# NJBBA President's Cup SUNDAY 11/7!



## ReelinRod (May 29, 2003)

Free tournament just for NJBBA members sponsored by your Courtesy Patrol.

Just sign in and fish!

Three beaches are designated for the tournament, sign in with:

IBSP -- A7 Parking lot with Bill Mackintosh
Brigantine -- 14th St. beach buggy entrance with Rod Smith
Corson's Inlet SP at the beach buggy entrance with Ron Patten

Sign in time: 6 am
Start fishing 7 am fish till 2pm

Score fish by 3pm back where you signed in at.

Fish will scored by length (Bluefish minimum 18” to score)

There are three prizes for each beach 1st, 2nd and 3rd and an overall prize for longest fish for the state.

For each beach 1st place prize is a reel, 2nd pull over sweatshirt and 3rd club hat and tee shirt.

Over-all winner for the state also receives NJBBA jacket

Prizes will be given out at the annual banquet.

This is a free tournament for members so get out there and fish!


----------



## Bigguy (Jun 2, 2005)

Rod, you going to be at IBSP on Sunday?


----------



## ReelinRod (May 29, 2003)

No, Kurt is fishing in Nawth Cacalacky so I'm judging Brigantine.
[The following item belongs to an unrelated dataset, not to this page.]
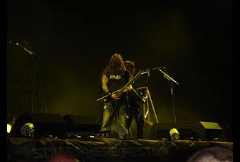 Los de Oakland ya conocían el recinto de su visita hace cuatro años en el Electric Weekend, si bien en aquella ocasión, tocaron en una carpa y ahora lo harían en el escenario principal. No se les puede negar la subida de caché que han tenido a lo largo de ese tiempo. Previamente al concierto, y tras el fiasco de Soundgarden, nos fuimos situando hacia las primeras posiciones a la izquierda del escenario. De repente, se abren los accesos al Black Circle que se había montado para que, un día después, lo disfrutaran, entre otros, aquellos fans de Metallica que hubiesen pagado el correspondiente bono. Ante lo cual, nos avalanzamos para poder entrar y así poder ver el concierto, literalmente, desde las primeras filas. Se oye un crujido y salen a la palestra los personajes, tomando posiciones dentro del escenario y marcando lo que es y será su área. Robb Flynn se coloca en el centro, mientras que el bajista Adam Duce y el guitarrista Phil Demmel, su antiguo compañero en Vio-lence, lo hacen a la derecha e izquierda, respectivamente. El baterista Dave McClain aguarda que terminen las voces corales para dar comienzo a "I am Hell (Sonata en C#)", el primer trallazo de esta noche, con un doble bombo bestial. Todo lo que sigue a este momento se puede definir como locura colectiva y "Be still and know", el segundo de los temas de su último CD, Unto the locust, que sonaría esta noche, no iba a hacer más que acrecentar esa pesadilla sónica. "Imperium" sería el tercer tema, tras el cual Robb Flynn agradece el cariño del público y presenta el tercer tema del disco de las langostas, "Darkness within", con una parte vocal , que si bien en el disco te resulta extraña, en directo, te pone los pelos de punta. "Who we are" le sigue, con esos coros vocales infantiles mezclados con sección de cuerda, para terminar con un gran Halo, de su anterior The Blackening, que ya presentaron aquí hace cuatro años. Lo mejor de este cortísimo concierto: sin duda, el poder ver a un gran grupo, que va ganando día a día, gracias a las tablas que da el realizar giras sin parar. Por contra, lo peor: primero, el constante doble bombo, que en muchísimas ocasiones se comía el resto de los instrumentos (mal oficio por quien estuviese a los controles de la mesa de sonido). Segundo: el terrorífico golpe que se llevó una pobre chica, a la que tuvieron que desalojar en camilla, después de un circle pit en la tercera canción. Y tercero, que por culpa de ir arrastrando un retraso a lo largo de todo el día, el último grupo tuviese que pagar los platos rotos y se le obligase a recortar su setlist, dejándose en el tintero temas como "Aesthetics of hate" o "Davidian", con el que suelen cerrar todos sus conciertos, aunque éste último sonase en la fiesta que se estaba montando en la carpa de los DJs, así que a falta de pan, buenas son tortas. Y como no hay dos sin tres, ni tres sin cuatro, el frío que hacía cuando las luces del escenario se apagaron, pero de eso no se le pueden echar las culpas a la organización.

I'm fishing on Beach Buggy's team on Saturday in the Shaner Tournament, I'll probably fish the State Park afterward (or SSH, Ortley, Lavalette, Dover or Brick).


----------



## ReelinRod (May 29, 2003)

Turned out good for me!

Skinny Bass at high tide

41" / 21lbs on half a cob mullet.


----------



## RuddeDogg (Mar 20, 2004)

Sweet!! Great fish.


----------



## ReelinRod (May 29, 2003)

Thanks Dogg . . . Going back tomorrow :fishing:


----------



## RuddeDogg (Mar 20, 2004)

Good luck. May the fish fish GODS smile greatly upon ya. I'm on night shift tonight and tomorrow and then I go on vacation so I'm gonna try and get out around here.


----------